If she is tense or in any manner uptight and if the attempts previously didn't go well it adds to the anxiety...and it makes it more difficult for her.

If she is gynecologically sound then a big part of your problem may just be anxiety...

There is a great DVD series, Better Sex...check it out...and until then, take it slow, don't take it personally, set a mood, have a drink, relax...if it hurts or causes a problem, stop, but try and keep the mood...work your way back into the groove...

Preacher


----------



## MarkTwain (Aug 1, 2008)

si__d__2003 said:


> I just hope that she doesnt get frustrated and as a conciquence it affects our marriage.


Please explain exactly what she would get frustrated about... then we can talk turkey!


----------



## Sandy55 (Jun 3, 2009)

MarkTwain said:


> Please explain exactly what she would get frustrated about... then we can talk turkey!


MT by frustrated perhaps he means she doesn't "give up" trying and throw in the towel on him.


----------



## dobo (Jun 30, 2009)

Women take longer to grow sexually. So, if you really love her, you're going to have to exercise patience. 

Men tend to experience much more masturbation (and therefore satisfaction and interest) than women. So my first suggestion would be to encourage her self-exploration.

I'd also recommend getting her a vibrator.

Why? The quickest way to an orgasm is through mechincal means. If she cums, she's more likely to be interested. Allow her to use it alone. And then use it together.

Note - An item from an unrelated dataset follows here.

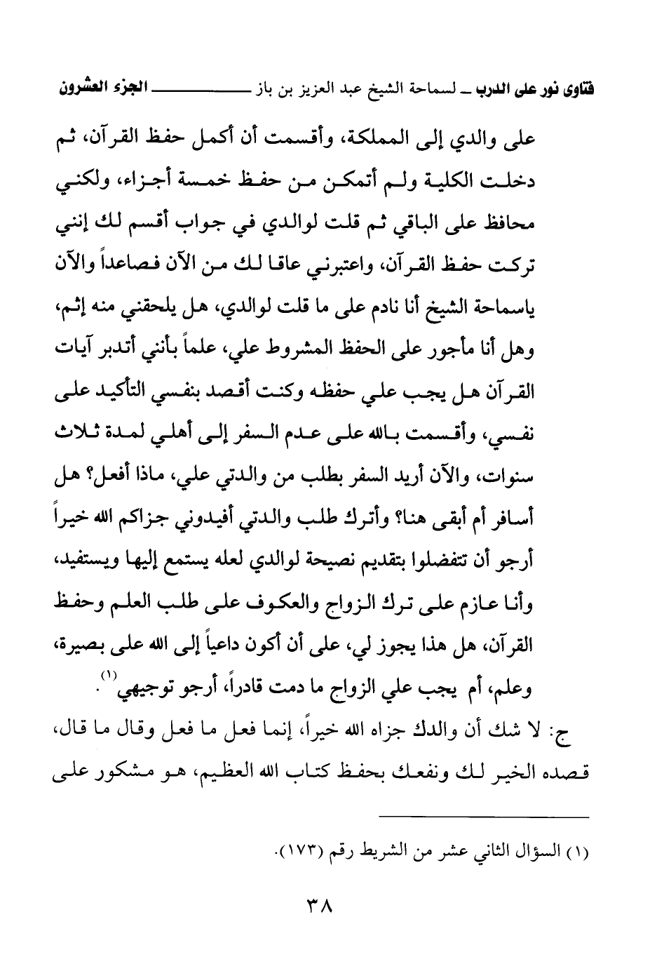 على والدي إلى المملكة، وأقسمت أن أكمل حفظ القرآن، ثم دخلت الكلية ولم أتمكن من حفظ خمسة أجزاء، ولكني محافظ على الباقي ثم قلت لوالدي في جواب أقسم لك أنني تركت حفظ القرآن، واعتبرني عاقًا لك من الآن فصاعدًا والآن يا سماحة الشيخ أنا نادم على ما قلت لوالدي، هل يلحقني منه إثم، وهل أنا مأجور على الحفظ المشروط علي، علمًا بأنني أتدبر آيات القرآن هل يجب علي حفظه، وكنت أقصد بنفسي التأكيد على نفسي، وأقسمت بالله على عدم السفر إلى أهلي لمدة ثلاث سنوات، والآن أريد السفر بطلب من والدتي علي، ماذا أفعل؟ هل أسافر أم أبقى هنا؟ وأترك طلب والدتي أفيدوني جزاكم الله خيرًا أرجو أن تتفضلوا بتقديم نصيحة لوالدي لعله يستمع إليها ويستفيد، وأنا عازم على ترك الزواج والعكوف على طلب العلم وحفظ القرآن، هل هذا يجوز لي، على أن أكون داعيًا إلى الله على بصيرة وعلم، أم يجب علي الزواج ما دمت قادرًا، أرجو توجيهي (¬1)

You're both still kids. You've probably heard that women are like crock pots. Takes time to warm up. Well, your job is to warm her up all through the day. Turn her on verbally. Turn her on sensually. Love her not as a man needs to be loved, but as a woman needs to be loved. Words. Non-sexual touch. And then erotic touch. Erotic isn't necessarily sexual. Furtive. Arouse by being close but not exactly spot on.

Woo her.


----------



## Sandy55 (Jun 3, 2009)

"The quickest way to an orgasm is through mechincal means."

Not necessarily by a vibrator, in fact a vibrator can be a negative experience for some women.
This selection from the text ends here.